Brief:
Leave the pictures out, and repeat exactly each line from the one that holds "Fig.: Application of" through the final line of the entries below.

Records:

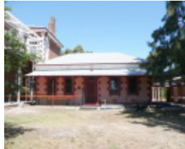
PIRRA HOMESTEAD SOHE 2008
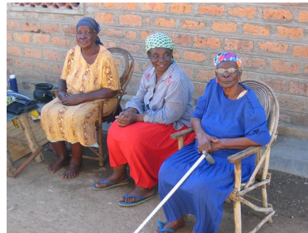
Mom and Grannys
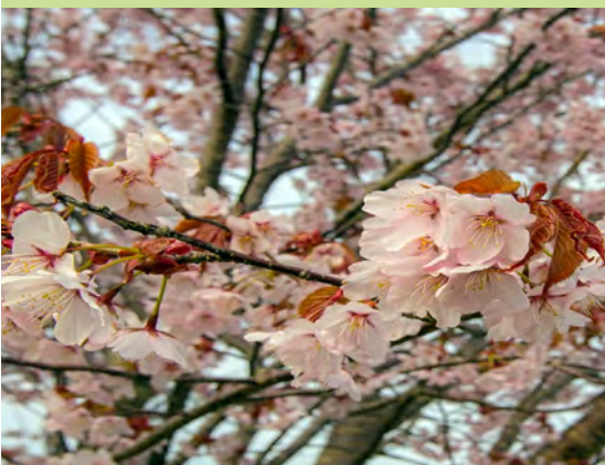
The many apple trees on Vinalhaven are blooming all over the island.

Renew by using the response card we recently mailed out, the form on the back of this newsletter, or the "Donate Now" button on our website: vinalhavenland-trust.org . Thank you for your support!
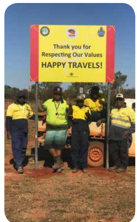
The community sign installation.

Extremely proud of their efforts, community members installed the signs as soon as they arrived in the community.
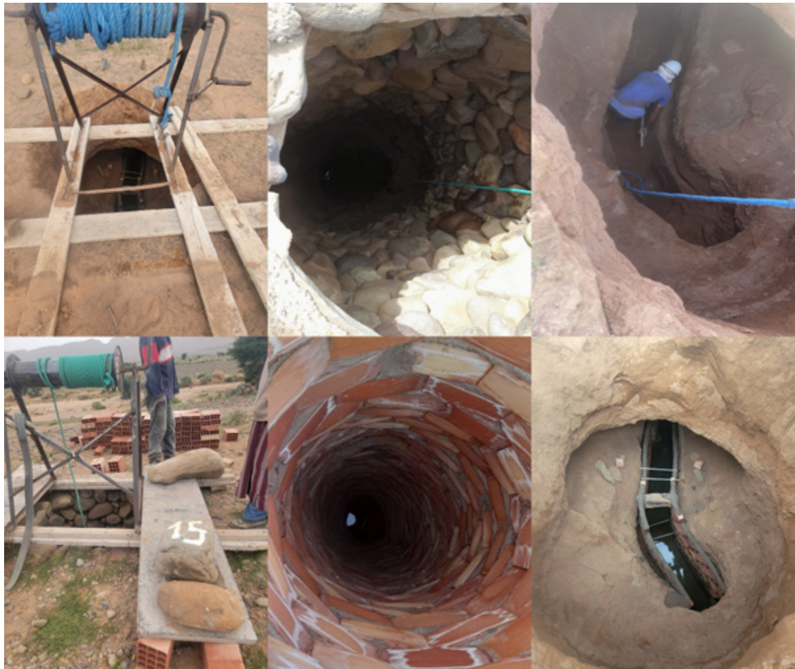
^ Fig. 4 Example of recent maintenance of a khattara near Ait Zeggane (Morocco) with modern techniques and materials. On the left you can see the systems for moving the material along the wells, in the center you can see two wells renovated with stone and bricks respectively, on the right you can see the maintenance work, during and after in a slightly kilned well (Source: Mhammad Houssni, 2024).

a timeless blueprint for the sustainable development of water systems worldwide (Barontini et al. 2018, 2017; Massoud 2022; Messous 2024; Taghavi-Jeloudar et al. 2013; Weingartner 2007).
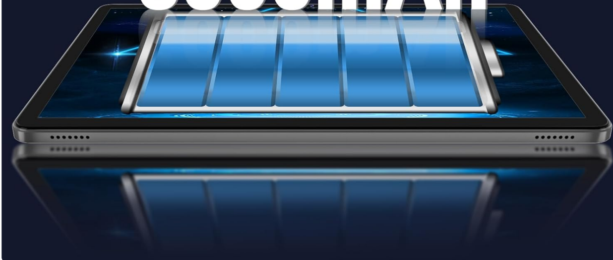
Image: A graphic illustrating the 6000mAh battery capacity and estimated usage times: 72 hours standby, 14 hours website browsing, 10 hours music, and 8 hours video playback.
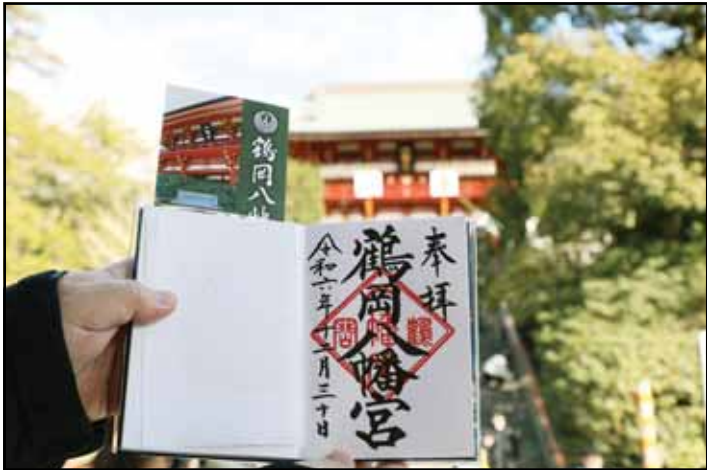
A Goshuin stamp at the Tsuruokaoka Shrine in Kamakura, Japan.
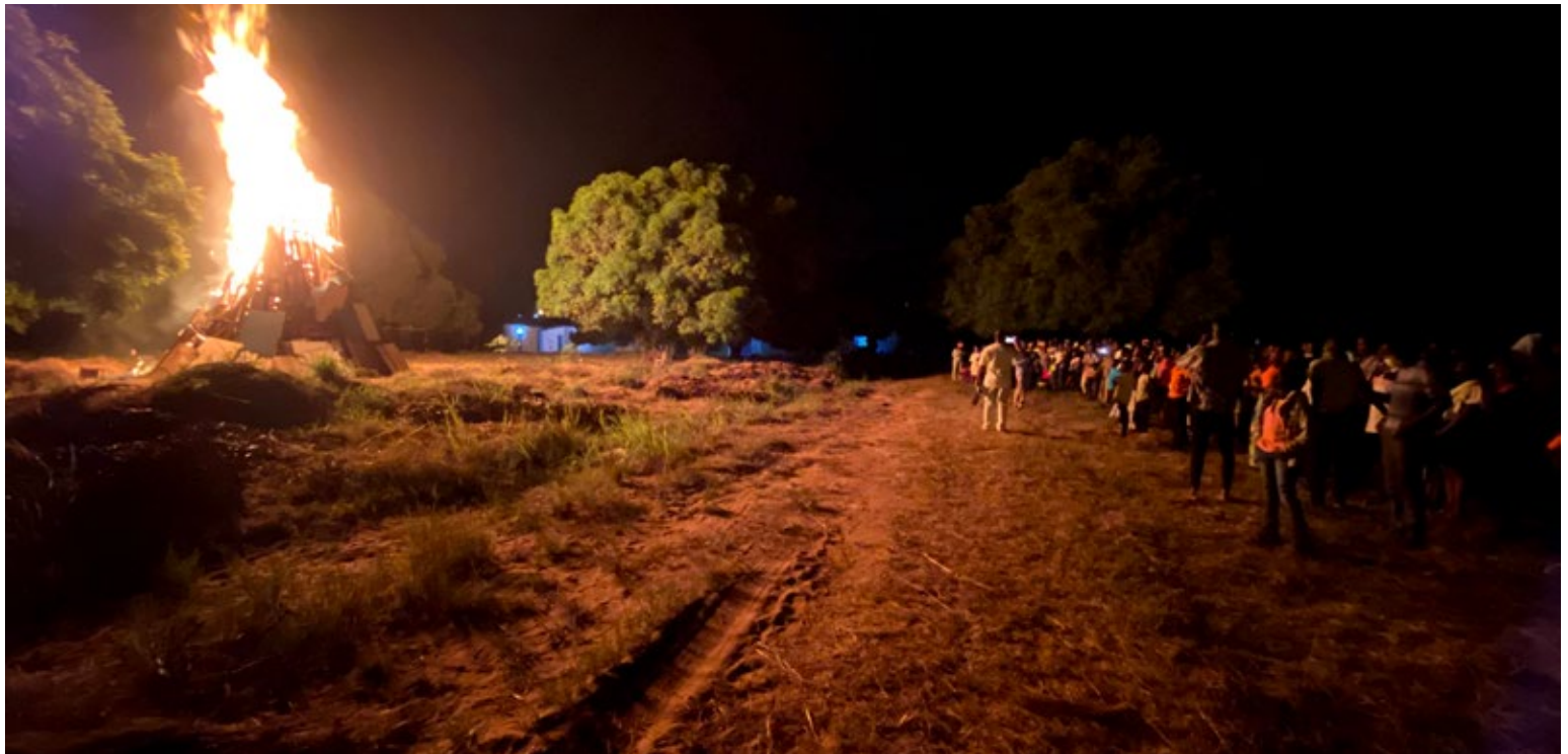
Bonfire on the Eve of The New Year 2021

On Sunday, January 3, we gathered for worship. After the worship service, some of the independent children and older children in college began to say goodbye and depart for their various places of residence as they had to go to work the following day. The next day, many more bid us farewell and departed. Others stayed for a few more days before leaving campus. Even though we knew they would be leaving, seeing them go was difficult. A few years ago, they were little children in our homes but now, they are all grown up and living independently. The cords of love that have bound us together as one family are so strong that it made saying goodbye to them so difficult. We are, however, grateful to God that we get the opportunity each year to enjoy a reunion with them during homecoming. We are happy that they are doing well on their own and making a real difference in the world. 📍
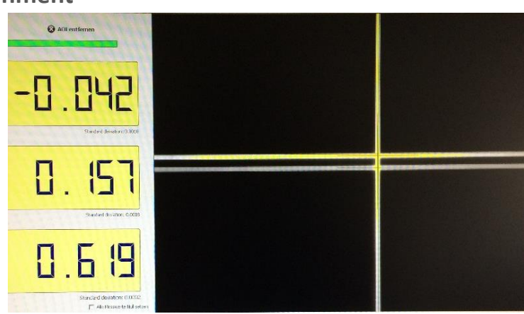
Fig.: Application of wedge angle measurement via double cross

The subpixel accurate measured values can be retrieved on demand in real time, saved in tables and exported as a csv file. An external trigger input facilitates synchronization with the customer's processes.
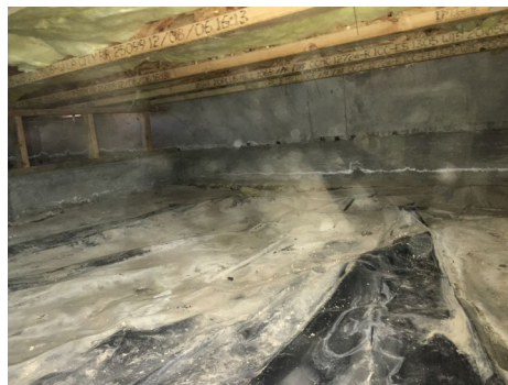
mineral line and damaged vapor barrier
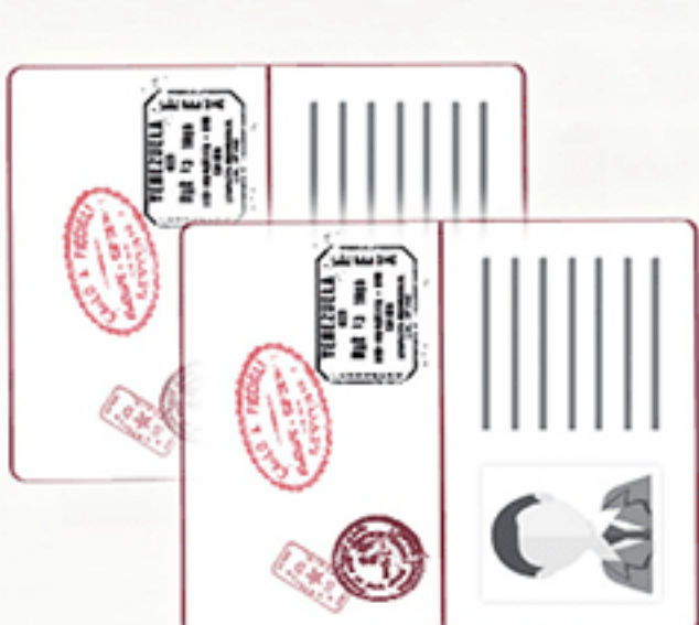
Passport - Applicant & each family member

Exercise result:
Fig.: Application of wedge angle measurement via double cross

The subpixel accurate measured values can be retrieved on demand in real time, saved in tables and exported as a csv file. An external trigger input facilitates synchronization with the customer's processes.
mineral line and damaged vapor barrier
Passport - Applicant & each family member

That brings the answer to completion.